Despite all of this, I am not recommending that you hide under the covers. Knowing the reality in which we live allows us to prioritize the things that are most important and, in our case, focus on client-specific financial plans that will endure well past the current turbulence. Knowing the dangers to come makes building the proper foundation that much more vital. I am more optimistic today on short-term economic growth than I have been in over a year, mostly due to our progress in the fight against Covid and the government’s ability insistence on providing supportive measures to corporate America (targeting and efficiency are another story). Though Q1 2021 economic indicators will surely suffer from continued lockdowns, growth in late 2021 and 2022 could surprise to the upside for the following reasons:

  • Pent up demand from lockdowns and amassed savings will likely lead to large economic growth in the 2nd half of 2021, potentially lasting a full year as travel and entertainment lead in the recovery.

  • The Fed’s focus on avoiding deflation (rather than fearing inflation) means that interest rates are expected to stay relatively low for another several years (supported further by the appointment of Treasury Secretary Yellen), leading to even heavier borrowing activity and a continued boost to housing and growth assets (though not without significant volatility along the way).

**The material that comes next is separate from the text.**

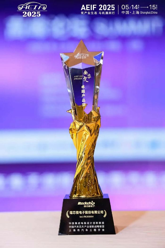 5月14-15日,由中国集成电路设计创新联盟、中国汽车芯片产业创新战略联盟、上海市汽车工程学会联合在沪举办“第十二届汽车电子创新大会暨汽车芯片产业生态发展论坛(AEIF2025)”,现场正式发布《2025 国产车规芯片可靠性分级目录》,并颁发了“2025汽车电子金芯奖”系列奖项,作为汽车电子领域极具权威性和影响力的目录及行业奖项,备受关注。瑞芯微8nm旗舰级芯片RK3588M凭借高性能高算力及丰富的量产案例,入选目录并荣获金芯奖评选的“卓越产品奖”。

  • The record speed of Covid vaccine development highlights the rapid growth we’re witnessing in science and technology and the power of collaboration, further strengthened by the internet and big data.

  • Given the current deficiencies in infrastructure across the country (surface transportation is underfunded by ~50%), Democrats’ focus on spending could lead to significant improvements and long-lasting (investable) benefits, particularly in smaller and/or alternative energy companies.

  • Inflation fears could be overhyped, as the economy does not rely on physical goods as much as it has in the past. Software and data have the ability to approach $0 marginal cost for additional users.

  • Heightened spending, leading to a weaker USD, could benefit corporate earnings outside the US.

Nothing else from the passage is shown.